Data for review section start
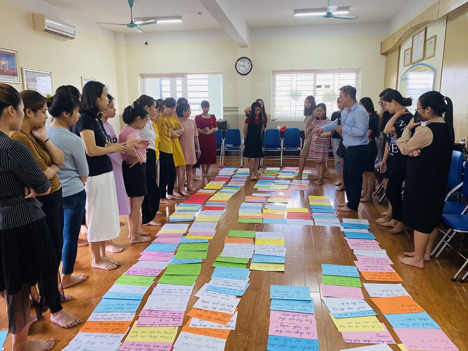 Trong suốt buổi tập huấn, dưới sự hướng dẫn của giảng viê !important;n, các cô giáo đã tích cực hoạt động sôi nổi, nhiều ý tưởng mới được đưa ra, nhiều câu hỏi được giải đáp. Ai cũng rất hào hứng khi được khai thác kiến thức và kĩ năng thông qua các phương pháp học tập hiện đại nhất, trong đó tất cả cùng tư duy, tất cả cùng hoạt động, tất cả cùng sáng tạo. Có rất nhiều những điều mới mẻ, hữu ích và thú vị đã đến qua 1 ngày tập huấn về dạy học dự án cùng giảng viên Nguyễn Văn Thanh. Hy vọng các cô sẽ tận dụng thật tốt cơ hội học tập, bồi dưỡng nâng cao năng lực, biến lý thuyết thành thực hành. Các cô sẽ đưa phương pháp dạy học dự án vào thực tế để các bé học sinh được thu hưởng những thành quả tri thức tốt đẹp nhất do các cô giáo mang lại
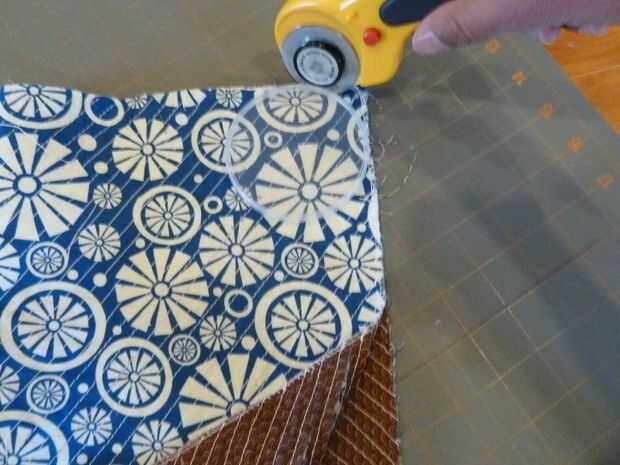 No sé ustedes, pero redondeando las esquinas hace que la manta se vea menos dura. Doblé la manta en medio para que una esquina había alineado con otro rincón y coloca una vieja gorra de pringles y lo había establecido. Corte con una cuchilla giratoria. Tomé una de las esquinas redondeadas y había forrado para arriba con las otras esquinas para que todas las esquinas se vería lo mismo.
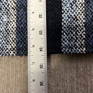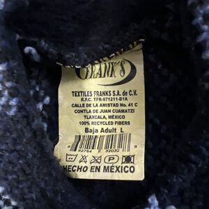 The product is a vintage Franks Textiles hoodie in a gray, blue, and black geometric pattern, with a Southwestern theme. This pullover hoodie features long sleeves, a hood, and is designed in a size L, suitable for unisex adults. Made in Mexico, this hoodie is perfect for the winter and fall seasons, adding a unique and stylish touch to any outfit with its Mexican-inspired design.
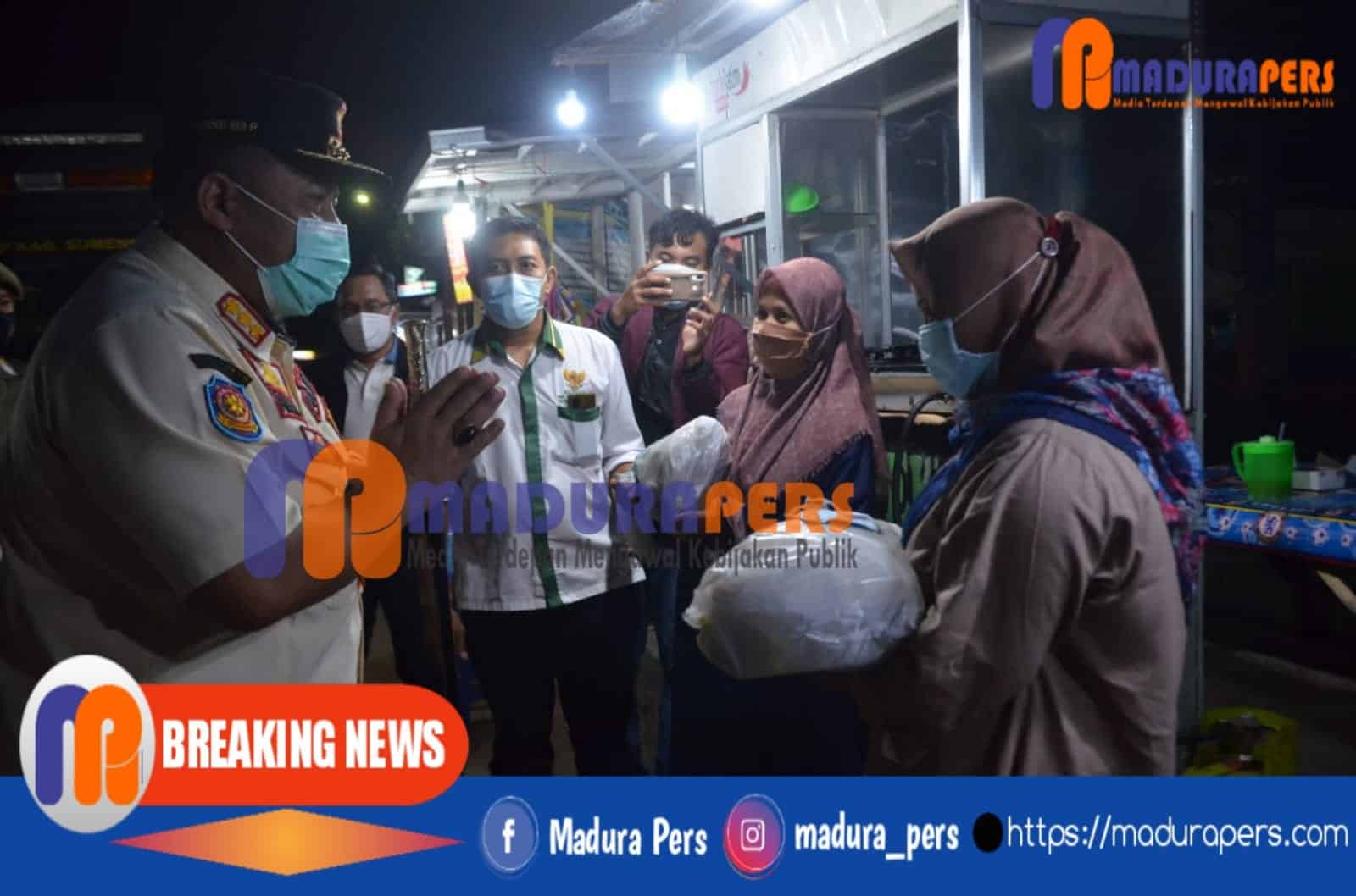 Bantuan berupa paket sembako itu, dibagikan langsung kepada PKL yang sedang berjualan di Pasar Malam, Desa Bangkal, Kecamatan Kota, pada Sabtu (17/07/2021) malam.
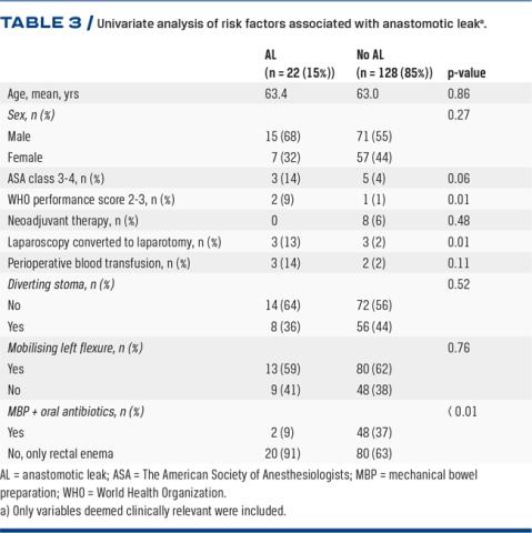 In two otherwise comparable groups, AL rates seem to be lowered by administering MBP combined with oral antibiotics prior to surgery for rectal cancer. Furthermore, AL seems to be more common in patients with a World Health Organization performance score of 2-3 or when conversion from laparoscopy to laparotomy is done. Though not significant, a difference in UICC stage and tumour level was recorded favouring the study group – possibly influencing the difference in AL rates between the two groups.
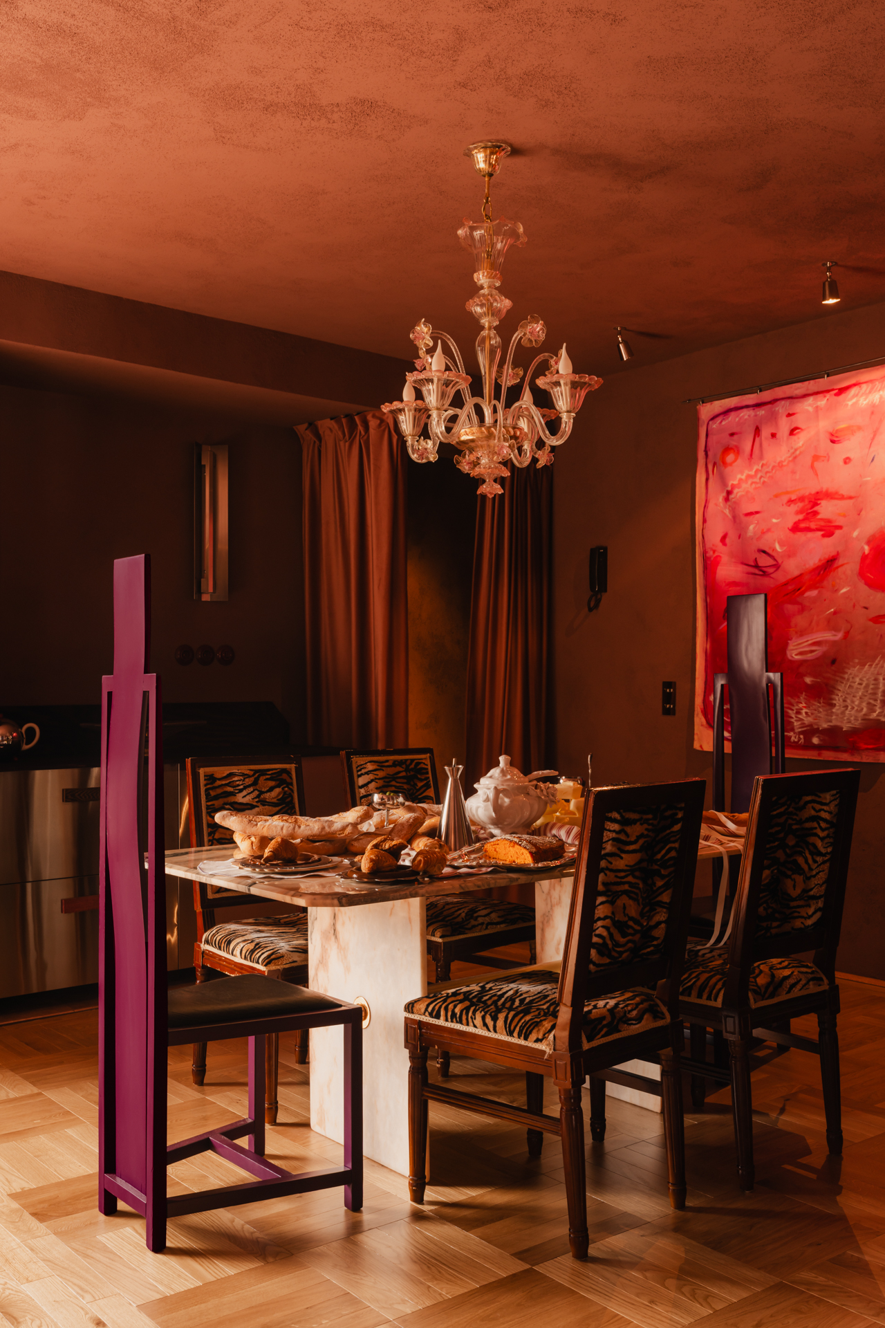 Serce domu bije przy stole. To unikatowy mebel z drugiej ręki, wykonany z portugalskiego różowego marmuru, któremu towarzyszą krzesła z wysokim oparciem, pomalowane na odważny fiolet przez profesora Marka Owsiana z Poznania.
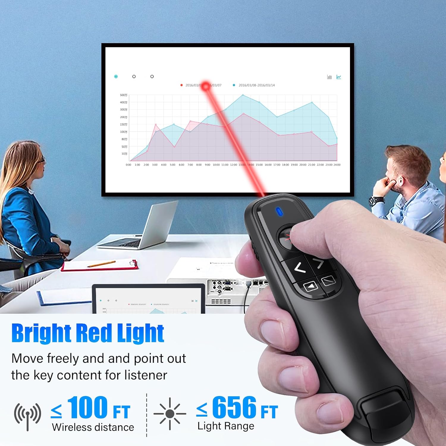 - BRIGHT RED LIGHT & LONG RANGE CONTROL: The slide advancer with laser pointer possess bright red laser which is easy to be seen clearly against most background(Not recommended for TV/LED/LCD screens), to highlight and point out the key part to for audience. The wireless remote control range of the slide clicker is up to 100ft while the red laser range is up to 656ft, which allows you to stroll around effortlessly and mingle with your audiences for greater impact in a large space.
Data for review section end
### Activity
Give back exactly the lines above from the one with "No sé ustedes, pero" through the one with "Serce domu bije", both included. Pictures don't belong in the copy.

### Response area
 No sé ustedes, pero redondeando las esquinas hace que la manta se vea menos dura. Doblé la manta en medio para que una esquina había alineado con otro rincón y coloca una vieja gorra de pringles y lo había establecido. Corte con una cuchilla giratoria. Tomé una de las esquinas redondeadas y había forrado para arriba con las otras esquinas para que todas las esquinas se vería lo mismo.
 The product is a vintage Franks Textiles hoodie in a gray, blue, and black geometric pattern, with a Southwestern theme. This pullover hoodie features long sleeves, a hood, and is designed in a size L, suitable for unisex adults. Made in Mexico, this hoodie is perfect for the winter and fall seasons, adding a unique and stylish touch to any outfit with its Mexican-inspired design.
 Bantuan berupa paket sembako itu, dibagikan langsung kepada PKL yang sedang berjualan di Pasar Malam, Desa Bangkal, Kecamatan Kota, pada Sabtu (17/07/2021) malam.
 In two otherwise comparable groups, AL rates seem to be lowered by administering MBP combined with oral antibiotics prior to surgery for rectal cancer. Furthermore, AL seems to be more common in patients with a World Health Organization performance score of 2-3 or when conversion from laparoscopy to laparotomy is done. Though not significant, a difference in UICC stage and tumour level was recorded favouring the study group – possibly influencing the difference in AL rates between the two groups.
 Serce domu bije przy stole. To unikatowy mebel z drugiej ręki, wykonany z portugalskiego różowego marmuru, któremu towarzyszą krzesła z wysokim oparciem, pomalowane na odważny fiolet przez profesora Marka Owsiana z Poznania.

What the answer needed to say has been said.